Let’s consider each of the experiment separately and consider a randomly selected crew and analyze the frequency of each event.

Figure 3: Analyzing the frequency of CA event
Figure 4: Analyzing the frequency of DA event
Figure 5: Analyzing the frequency of SS event

So from these figures, we can say that all the experiments are conducted for the same interval, yet the frequency of occurrence of SS is very low. This frequency imbalance is possible in the test dataset also, so we keep this imbalance for the time being and check the performance without balancing the dataset.

Univariate analysis for each feature

Here we use box plots for analyzing the effect of each feature in predicting the event.

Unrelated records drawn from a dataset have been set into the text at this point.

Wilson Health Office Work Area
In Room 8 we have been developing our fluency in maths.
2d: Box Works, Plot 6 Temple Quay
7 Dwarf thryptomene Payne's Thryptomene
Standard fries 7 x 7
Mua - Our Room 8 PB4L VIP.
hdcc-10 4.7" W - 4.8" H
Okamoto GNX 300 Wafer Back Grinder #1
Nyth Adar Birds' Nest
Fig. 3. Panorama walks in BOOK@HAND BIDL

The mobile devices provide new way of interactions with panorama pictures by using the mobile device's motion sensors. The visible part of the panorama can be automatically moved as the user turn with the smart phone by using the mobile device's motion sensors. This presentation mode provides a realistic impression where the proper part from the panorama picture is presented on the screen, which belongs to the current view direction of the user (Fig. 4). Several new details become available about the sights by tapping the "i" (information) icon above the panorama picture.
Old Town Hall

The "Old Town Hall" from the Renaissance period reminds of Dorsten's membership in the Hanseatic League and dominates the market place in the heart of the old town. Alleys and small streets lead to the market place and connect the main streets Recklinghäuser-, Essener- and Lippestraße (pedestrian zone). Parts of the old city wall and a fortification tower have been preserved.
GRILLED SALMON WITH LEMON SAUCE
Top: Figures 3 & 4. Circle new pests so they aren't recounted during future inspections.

Figure 6: Box plot of ECG data

From the above figure, it can be seen that the ECG data has some outliers. But we cannot simply remove them because these extreme values might be useful in predicting the event. When the value of ECG is high (more than 10000 microvolts), the pilot is more likely to enter into the DA state. Similarly, when the value is too negative, the pilot is likely to be in the CA state. It is also observed that ECG alone cannot simply predict the events. But it has some role in prediction

Figure 7: Box plot of respiration sensor output data

Similar to ECG data this data also has some outliers. But we cannot simply remove them because these extreme values might be useful in predicting the event. The respiration signal should have some effect in predicting the event, But from the above box plot, we can see that this sensor output is not at all separating the events. This might be because of the presence of noise in the data.

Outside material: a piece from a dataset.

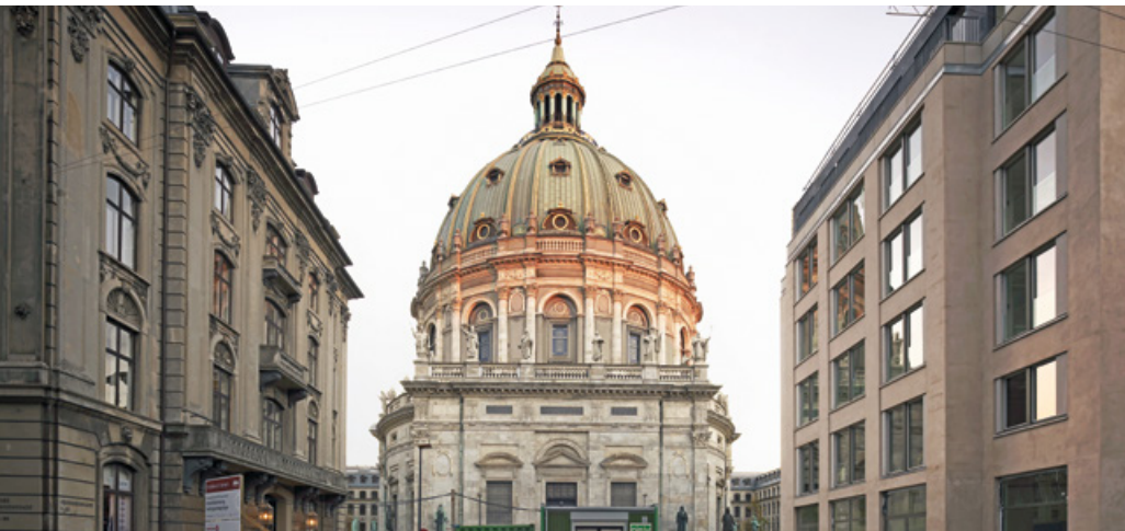
→ Bispebjerg Bakke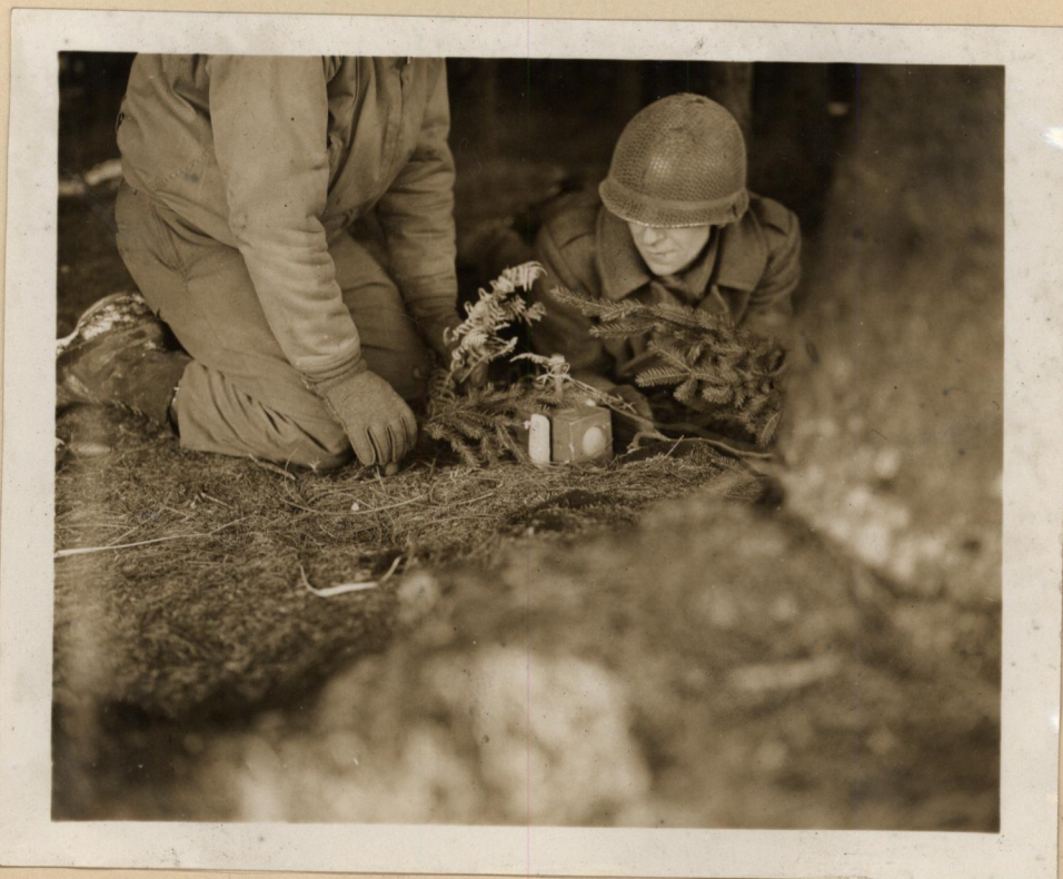
AMERICAN M-3's WERE STAKED AND WIRED DOWN AND CAMOUFLAGED.

Figure 8: box plot of GSR sensor output

From the box plot of GSR, we can say that GSR plays some role in predicting the output. This GSR data is separating the events to some extend.

Now the next step is to check for noise in the data. The biological sensors are easily affected by noise and since the data is obtained from the physiological data of real people, the output from these sensors will be rich in noises. Let’s check noise in ECG and R data. This data is analyzed for the experiment and for a particular crew.

Figure 9: ECG output data for 10 seconds
Figure 10: Respiration sensor data for 10 seconds

These data are clearly rich in noise and hence we need to remove this high-frequency noise. For that purpose, we use a low pass Butterworth filter.

For filtering the ECG signal, the cutoff frequency(w) was selected as 100 and for filtering the respiration signal, the value of w was taken as 0.7. The filtered ECG and r signal is shown below.

Figure 11: Filtered ECG data
Figure 12: Filtered respiration data

The filtered data are much cleaner and meaningful than the original data. So we replace the ECG and r data with the corresponding filtered signals.

Feature Engineering

Now let’s try to derive some additional features from the existing ones.

Heart Beat information from ECG

What if we could get the heartbeat from the ECG signal?

ECG is the graph showing the electrical activity of the heart vs time. The output from ECG is in microvolts. Now, apart from this voltage, we can get the cardiac output or heart rate or the number of heartbeats per min using this data. Python provides a powerful tool called Biosppy which can do biosignal processing.